I don't read as much middle grade as I should, with a 10 year old reader at home who devours books, but I couldn't pass up a chance to read Patrick Samphire's delightful middle grade sci-fi (though really, it reads as much fantasy as sci-fi). It's a bit Jules Verne crossed with Regency period pieces: Twelve-year-old Edward Sullivan lives with his very British family (including his slightly mad-scientist father and his society-obsessed mother) on a British colony in 1816 Mars. In this alternate universe, Mars has been inhabited for thousands of years, and the oldest inhabitants (much like the ancient Egyptians) left tombs (called "dragon tombs" for their tendency to bury perfectly preserved dragons in them) full of treasure: only in this case, the treasure is technology.

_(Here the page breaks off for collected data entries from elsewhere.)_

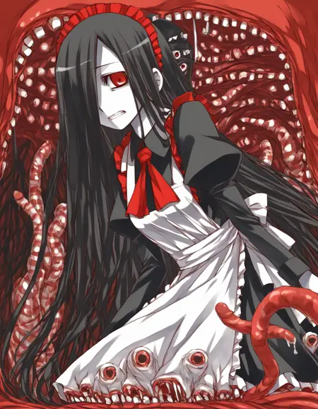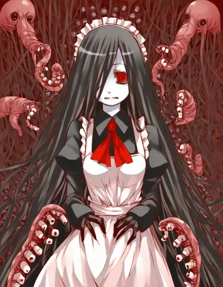 ozoimaid, black hair, long hair, hair over one eye, red eyes, maid headdress, maid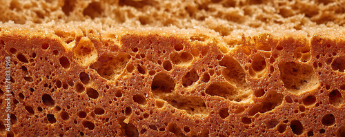 Perfectly baked bread showcasing a golden crust and airy texture in a close-up view of its interior structure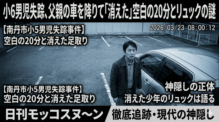 学校の目の前で、愛する我が子が忽然と姿を消す。防犯カメラの死角、見つからない目撃者、そして後出しのように山中で発見された「濡れていないリュック」。ネット上の声が過去のトラウマ事件を想起し、震えながらも核心に迫る禁断の考察録。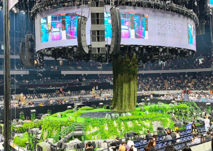 采用四面台无死角设计,结合超1500片LED屏与环绕投影,构建动态“声光群岛”。当演唱《珠玉》时,舞台瞬间切换为水波潋滟的江南园林,戏曲水袖舞者的全息影像与单依纯的歌声交织;而演绎电子曲风《有趣》时,几何光束如脉冲般穿透空间,形成科技感十足的声波矩阵。L-ISA超真实声场技术精准覆盖每个角落,即使山顶观众也能清晰捕捉她标志性的气声转音,实现“闭眼如在耳畔吟唱”的极致体验。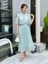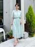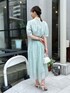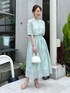 夏におすすめの、シアー素材のセットアップスタイルのご紹介。 シアー感のあるソフトなオーガンジー素材を使ったセットアップです。 程よい光沢があり、柔らかい素材感が女性らしいです。 ブラウスは、前後両前着用可能ですが、今回はボタンを前にしてポイントを持ってきました。 肘くらいまでの袖丈で、羽織いらずのブラウスです。 スカートは、同素材の透け感のある軽やかなスカートです。 ウエスト周りのギャザーでふんわりとしていながら、軽やかな素材感でボリュームが出すぎないのがポイントです。 涼しげなミントグリーンのセットアップで、爽やかな上品スタイルに仕上げました。

When a deadly and duplicitous explorer thinks Edward's family has clues to the hiding place of a hitherto unlocated dragon tomb, he kidnaps Edward's parents and sister, and it's up to Edward, his two sisters, and a family friend to cross the Martian desert and save them.
This story was, frankly, delightful. It has everything: adventure, humor, strong family relationships, cool gadgets, even cooler invented flora and fauna. And it's all set in a world that makes my 19th-century British loving heart beat faster. Best of all, this is the kind of book that kids and aduls can enjoy equally.